Information provided »
◇ ◇ ◇

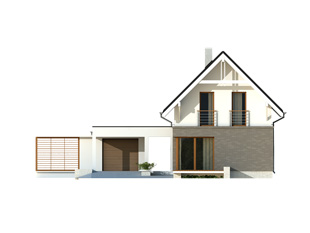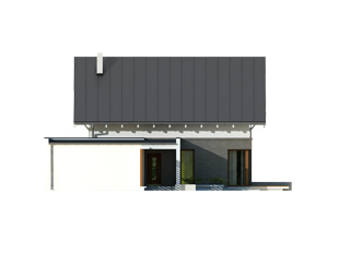 Niewielki dom mieszkalny przeznaczony dla 4-osobowej rodziny. Na stosunkowo niewielkiej powierzchni zaprojektowano bogaty program funkcjonalny. Na parterze znajduje się przestronny salon z aneksem kuchennym oraz duże wielofunkcyjne pomieszczenie gospodarcze, które z powodzeniem może zostać zaadaptowane na kotłownię na paliwo stałe. Na poddaszu znajduje się funkcjonalna łazienka oraz trzy sypialnie. Sypialnia rodziców dodatkowo posiada oddzielną garderobę.
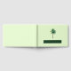 This wedding guest book features a minimalist design with a central palm tree illustration on a soft mint green background, evoking a serene tropical atmosphere. The layout is balanced and airy, with ample negative space that highlights the stylized palm tree. A deep forest green banner below holds customizable text in elegant serif and sans-serif fonts, adding a touch of formality. Perfect for beach-themed weddings, this design combines simplicity and elegance to create an inviting and tranquil mood.
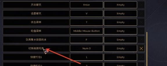 3、在控制選項(xiàng)里找到切換肩膀視角功能默認(rèn)按鍵可能不符合操作習(xí)慣將其修改為數(shù)字0鍵方便后續(xù)快速切換實(shí)現(xiàn)角色位置的調(diào)整。

◇ ◇ ◇

The problem » In full and without any pictures, print the listing above exactly.

Expected output »
 Niewielki dom mieszkalny przeznaczony dla 4-osobowej rodziny. Na stosunkowo niewielkiej powierzchni zaprojektowano bogaty program funkcjonalny. Na parterze znajduje się przestronny salon z aneksem kuchennym oraz duże wielofunkcyjne pomieszczenie gospodarcze, które z powodzeniem może zostać zaadaptowane na kotłownię na paliwo stałe. Na poddaszu znajduje się funkcjonalna łazienka oraz trzy sypialnie. Sypialnia rodziców dodatkowo posiada oddzielną garderobę.
 This wedding guest book features a minimalist design with a central palm tree illustration on a soft mint green background, evoking a serene tropical atmosphere. The layout is balanced and airy, with ample negative space that highlights the stylized palm tree. A deep forest green banner below holds customizable text in elegant serif and sans-serif fonts, adding a touch of formality. Perfect for beach-themed weddings, this design combines simplicity and elegance to create an inviting and tranquil mood.
 3、在控制選項(xiàng)里找到切換肩膀視角功能默認(rèn)按鍵可能不符合操作習(xí)慣將其修改為數(shù)字0鍵方便后續(xù)快速切換實(shí)現(xiàn)角色位置的調(diào)整。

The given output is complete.